Прятаться достойно времени не оставалось, так как гость давно вытер подошвы валенок о прутья голика, проскрипел половицами сеней и уже тянул на себя ручку входной двери. Пока дверь распахивалась, пропуская визитёра, пока закрывалась следом, я уже стоял в тёмном закутке запечья, отделённый от нежданного пришельца какими-то метром с четвертью пространства да щелястой перегородкой из струганной дюймовки.
– Дома ли хозяева, – с ударением на последний слог, так что получилось певуче протяжно, раздалось у меня почти возле самого уха, и я без особого удивления узнал старшую ездаковскую дочку.
Что-то слишком часто стал я возвращаться мыслями к этой девице, хотя оно и понятно, учитывая ту роль, что сыграла она в моей жизни, став своеобразной крёстной матерью, и не удивительно, – видная девка, статная. Мимо пройдёт, поведёт глазищами, в душу будто зноем полдня пахнет, и не хочешь, да обернёшься вслед, очумело уставишься в гибкую спину.
Да ладно бы коль глянул и забыл, так ведь нет. Пройдёт, зараза, глянет, а у меня потом весь день из рук работа валится. Образно, конечно, говорю. Из рук у меня хрен чего выпадет, но сосредоточиться ни на чём не могу, всё она мешается. Опять немного не то, знамо дело, не писатель – кроме как на школьные сочинения, автобиографии да письма из армии бумаги сроду не марал.
Словом, что бы я ни делал, чем бы ни занимался, она всё время рядом, где-то тут, за плечом, стоит, смотрит и молчит. И, вроде бы, когда она тут, на душе легче, светлее, что ли. Наркотик какой-то: морфий или конопля там, для отдельно взятой личности, – тоже ходишь блаженненьким. Дурь, одним словом, иначе и не назовёшь.
Может оно бы и ничего, когда б в меру: раз в неделю, там, или дважды в месяц, так ведь она ежедневно дорогу переходит и каждый раз норовит глазищами ожечь. Со двора, было, по три дня не выходил, на ключ, так только до свету, но ведь она, стервозина, найдёт предлог, припрётся как вот ныне, и здесь достанет. Сдаётся мне, что роль спасительницы и крёстной ее никак не устраивает, похоже, ей совсем другое надо.
Играет, ровно с приятелем, а я ведь мужик, живой пока, хоть забыл уже как они, бабы-то, пахнут. И надо бы охолодить девицу, чтоб не баловала, не шутила с огнём, ведь мы с отцом её почти что ровесники, да честно говоря, не хочется. Не желаю наступать себе очередной раз на горло, лишать себя последнего светлого лучика. Да и боязно как-то, – хуже бы не вышло. Я ведь, как ни-как посторонний. Не только здесь, на Выселках, но и вообще на этой Земле, в этом времени, в этой реальности.

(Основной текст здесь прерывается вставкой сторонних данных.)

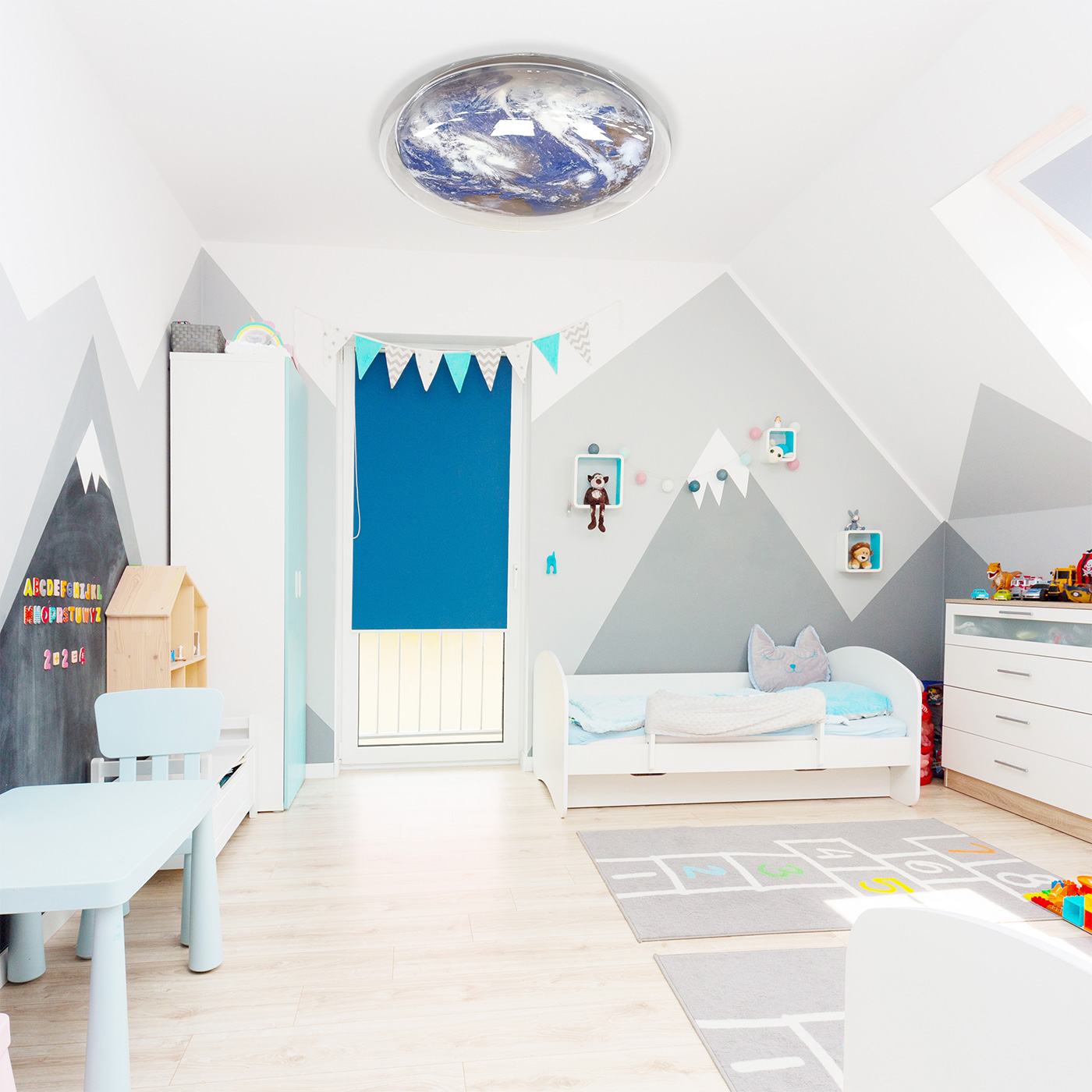 Plafón de techo con diseño del planeta Tierra y cubierta transparente que simula la atmósfera. Aporta una iluminación envolvente y un efecto decorativo único, ideal para dormitorios infantiles, espacios creativos o ambientes temáticos. Un plafón que convierte la luz en experiencia.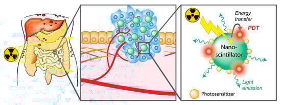 Although PCAR lesions are superficial and the limited penetration of light is not a major limiting factor for the treatment of well-identified and accessible metastases, a major challenge lies in the treatment of undetectable microscopic disease or tumors that are optically shielded by organs and that strongly affect the overall survival of the patients. Secondly, it is difficult for light to homogeneously excite photosensitizers throughout the whole abdominal cavity. To tackle these challenges, a novel approach to induce PDT by X-ray radiation has recently emerged. Because tissues are nearly transparent to X-rays, this strategy enables the remote excitation of photosensitizers, in a non-invasive way and potentially within the entire peritoneal cavity during the course of radiotherapy (Figure 4). This technology relies on exciting nanoparticles, which are capable of down-converting ionizing radiations, such as X-rays, into visible light [104]. When conjugated to photosensitizers, nanoscintillators can convert the X-rays used in radiotherapy into visible light that can subsequently excite the photosensitizers. Encouraging results demonstrating the ability of this X-PDT strategy have been obtained in vitro and in vivo, which have been recently reviewed [105,106,107,108,109,110].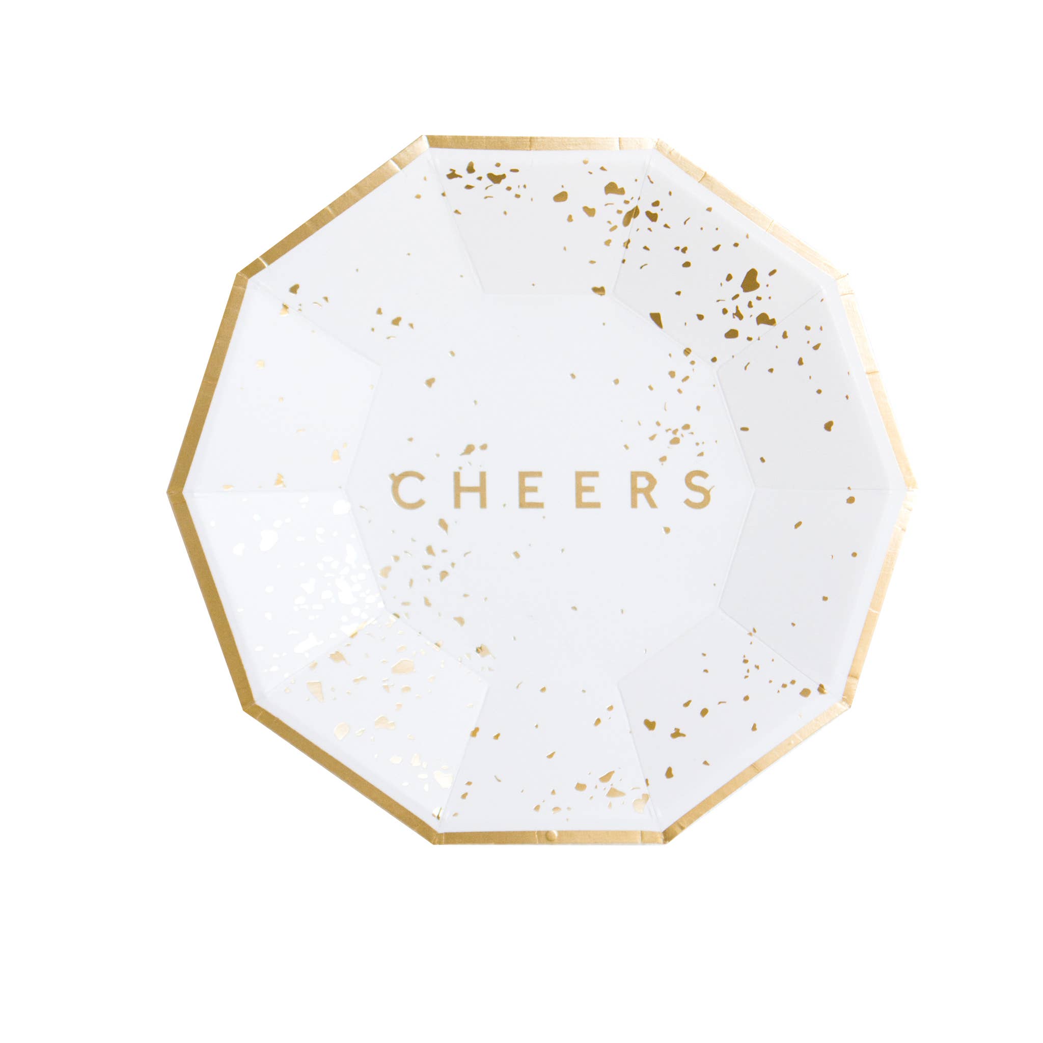 Beautifully understated with 'Cheers' in gold foil, our elegant small party plates elevate the everyday celebration. Pair with our gorgeous selection of cocktail napkins for all of your cocktail shindigs and soirées all year around.

Посторонний, а если говорить прямо – чужой. И некуда мне податься. Жизнь дала трещину, да что там трещину, – обрыв, пропасть. Обрыв, пожалуй, точнее. До обрыва, – всё что имеет нормальный среднестатистический гражданин общества, за три с лишним десятка лет сознательной жизни. После – недоумение и память. Причём недоумения – девять десятых, а памяти с гулькин хрен.

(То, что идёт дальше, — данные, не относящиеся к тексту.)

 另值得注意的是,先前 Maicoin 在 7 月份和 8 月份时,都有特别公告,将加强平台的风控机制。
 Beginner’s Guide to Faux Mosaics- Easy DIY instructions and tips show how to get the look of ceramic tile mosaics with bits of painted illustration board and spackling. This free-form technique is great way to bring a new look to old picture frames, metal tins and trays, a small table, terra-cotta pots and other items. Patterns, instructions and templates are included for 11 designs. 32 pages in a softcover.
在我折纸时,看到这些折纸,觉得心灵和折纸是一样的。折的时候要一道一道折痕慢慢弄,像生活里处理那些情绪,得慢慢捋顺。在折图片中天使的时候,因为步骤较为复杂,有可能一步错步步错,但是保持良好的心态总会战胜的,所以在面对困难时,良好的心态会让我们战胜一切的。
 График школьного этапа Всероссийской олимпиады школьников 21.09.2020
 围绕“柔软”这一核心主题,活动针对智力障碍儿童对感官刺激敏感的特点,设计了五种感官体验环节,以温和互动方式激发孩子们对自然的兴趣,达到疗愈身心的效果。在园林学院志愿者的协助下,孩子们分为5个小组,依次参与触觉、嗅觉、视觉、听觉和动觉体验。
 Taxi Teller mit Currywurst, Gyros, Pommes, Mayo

И не видно выхода. Ни выхода, ни вылета, ни выезда, Сижу на этих драных Выселках у колдуна в работниках и в село лишний раз боюсь нос высунуть, а ну как участковый привяжется. Хотя, участковый, если б захотел или задание соответствующее имел, давно бы наведался, поинтересовался, документики спросил. Вон, на последней ездаковской охоте в начале декабря милицейский районный начальник собственноручно мне водку наливал, за, так сказать, егерские способности и усердие. Так что знают про моё существование, но не интересуются ни участковый, ни советские власти. Видно не желают признавать наличия. Принять как личность на территории своего влияния. Я для них даже не букашка, так, фантом, призрак, – то чего нет и быть не может, потому что не бывает никогда. Какие у призрака документы, с него и анализов не возьмёшь.
Шучу я так с тоски, хотя какие могут быть шутки в моём положении, документов-то и вправду никаких, ни малюсенького клочка бумажки. А нет документов – и человека нет. Нет и не было. Случись что, ни один Красный Крест не сыщет, какие уж тут шутки.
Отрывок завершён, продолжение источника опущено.